## WORK TO BE COMPLETED
What is needed is a faithful transcription of all the data below, pictures excluded.

[Opening SUPPLIED INFORMATION section]

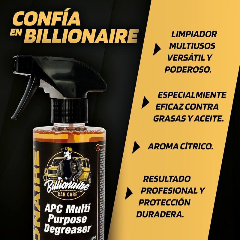 Limpiador multiusos para motor Billionaire de 500 ml, especialmente eficaz contra grasas y aceite. Con aroma cítrico y resultado profesional, ofrece protección duradera. Ideal para mantenimiento de vehículos y superficies industriales. Fórmula versátil y poderosa para una limpieza profunda y rápida.
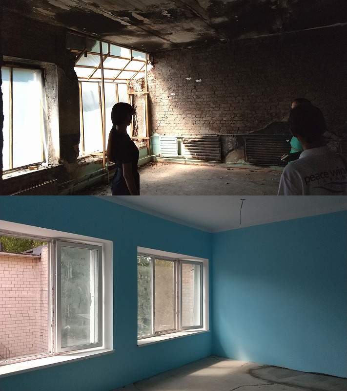 9月、ウクライナの学校では新学期が始まりましたが、学校や幼稚園の中にはロシア軍の攻撃によって建物や設備が大きく破壊され、再開が遅れているところがあります。1日も早く子どもたちが戻ってこられるように、ピースウィンズはふたつの幼稚園の改修を行っています。
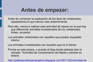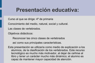 Este documento presenta una presentación educativa sobre las cinco clases de vertebrados (peces, mamíferos, aves, anfibios y reptiles) dirigida a estudiantes de 4o grado. Primero se realiza una actividad de repaso sobre la diferencia entre animales vertebrados e invertebrados. Luego, se describen las características principales de cada clase de vertebrados y se incluyen actividades finales para recordar la lección.

[Closing SUPPLIED INFORMATION section]

## TASK OUTPUT
 Limpiador multiusos para motor Billionaire de 500 ml, especialmente eficaz contra grasas y aceite. Con aroma cítrico y resultado profesional, ofrece protección duradera. Ideal para mantenimiento de vehículos y superficies industriales. Fórmula versátil y poderosa para una limpieza profunda y rápida.
 9月、ウクライナの学校では新学期が始まりましたが、学校や幼稚園の中にはロシア軍の攻撃によって建物や設備が大きく破壊され、再開が遅れているところがあります。1日も早く子どもたちが戻ってこられるように、ピースウィンズはふたつの幼稚園の改修を行っています。
 Este documento presenta una presentación educativa sobre las cinco clases de vertebrados (peces, mamíferos, aves, anfibios y reptiles) dirigida a estudiantes de 4o grado. Primero se realiza una actividad de repaso sobre la diferencia entre animales vertebrados e invertebrados. Luego, se describen las características principales de cada clase de vertebrados y se incluyen actividades finales para recordar la lección.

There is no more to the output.